I shrugged. The only sound that I could hear was Jack’s shallow breathing.

“I’m glad you’re here,” he said. “I really did miss you.”

I turned to look at him. “It’s a lot. This is a lot.” In the glare from the streetlight outside, I could see him gazing thoughtfully at me.

He got to his knees on the bed. “Take off your shirt.”

“Why?”

“Just do it.”

I let him pull the blouse over my head, leaving me in my bra. Then he knelt behind me and began to rub my back, slowly and precisely. While he kneaded my muscles and stroked the outlines of my bones, he said, “Look, we’ll get out of here soon. I promise. But Becka can’t know we’re planning to leave. She’ll flip out, kick us both out on the street. She thinks she’s my goddamned girlfriend, for Christ’s sake.”

“How long?” Jack’s hands were starting to make all this mess seem very far away.

“Soon.” He leaned down and kissed the skin between my shoulder blades. “We’ll go somewhere good, a big city. Get our own place, nobody to bother us. Nobody who knows anything about us. Maybe New York.” He sighed. “I was drifting, and this was where I washed up.”

“I don’t know where I am,” I said, and he said, “You’re with me.”

We were curled together, our arms and legs intertwined, like two starfish at the bottom of the ocean.

“I promise you,” my brother said. “I’ll get you out of here. I’ll take care of you. I promise.”

At five in the morning, the alarm clock went off and I stumbled to the couch before Becka came home. When the front door opened, I pretended to be asleep.

When Jack left, later that morning, I stirred enough to open my eyes and see him standing at the open door, wearing jeans and a black T-shirt, staring down at his upturned palm through a pair of sunglasses. Then he closed his hand and stuffed it into his pocket. I heard the soft clink of coins sliding against one another.

The world on the other side of the door was glaring white in the sun. My heavy eyelids closed. When I woke up, he was gone and Becka was sprawled out on her bed in a bleary tangle of limbs and sheets and carbon black hair.

She cooked me breakfast after she woke up, around two: bacon, sausage, French toast soaked in egg and deep-fried in oil until it was crisp and golden. The kitchen was already thick with humidity and I’d woken with damp and prickly skin, but the hot food was good and I ate until my face was sticky with syrup and grease and my body felt heavy.
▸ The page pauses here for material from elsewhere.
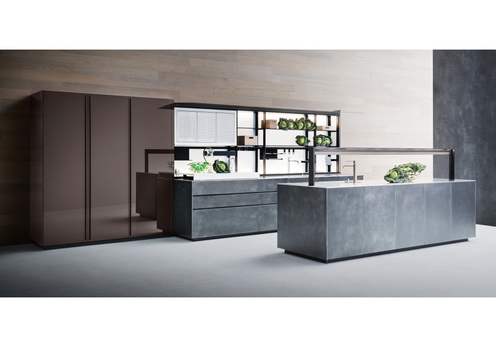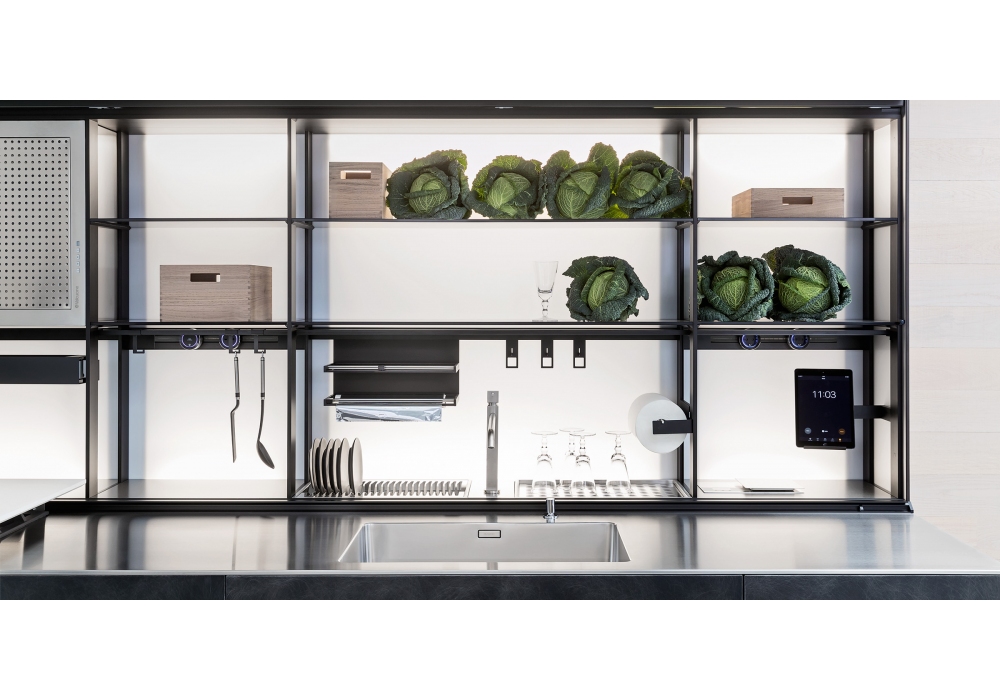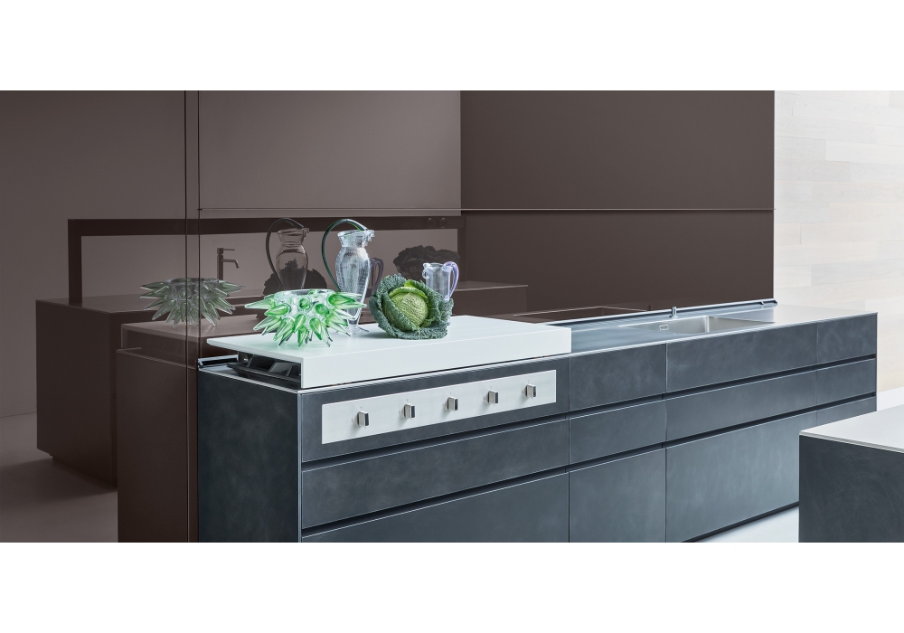 Artematica diseñada por Gabriele Centazzo para Valcucine es una cocina personalizable con diferentes acabados y materiales puros, que abre soluciones y combinaciones infinitas. La parte superior puede ser de tablero de partículas hidrófugo cubierto con chapa de acero, cuarzo, acrílico, piedra, vidrio, acero inoxidable o carbontec. Puertas, unidades de pared y columnas en laminado, panel en Medium Density, MDF, acrílico o vitrum.
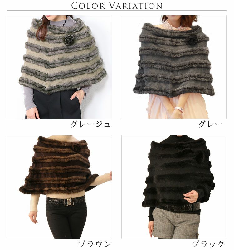 普段着のうえにさっと羽織るだけで上品なスタイルを約束する、ケープやポンチョ。ファーを使っているので、さっと羽織るだけで高級感あるスタイルを約束してくれるアウターです。ロング丈からショート丈など様々シーンで使うことができるので一枚あれば重宝するアイテムです。パーティやコンサートに、また和装にもお使いいただけるアウターです。また車で移動の多いときなどに便利です。

“Sweetie,” Becka said, “you ate that like you ain’t seen home-cooked food in about a million years.”

That accent is a put-on, I thought. “It feels like it.”

She started to clear the dishes. “Shame your brother had to run off like that this morning.”

“Where did he go?”

“Don’t know. I don’t bother asking anymore.” She dropped the last of the dishes in the sink and let the faucet run over them for a minute. “None of our friends are awake that early, I can tell you that much. They’re mostly night people. ” She was twisting her long hair into a ponytail. There was a small, spotted window above the sink and her eyes were fixed on something outside.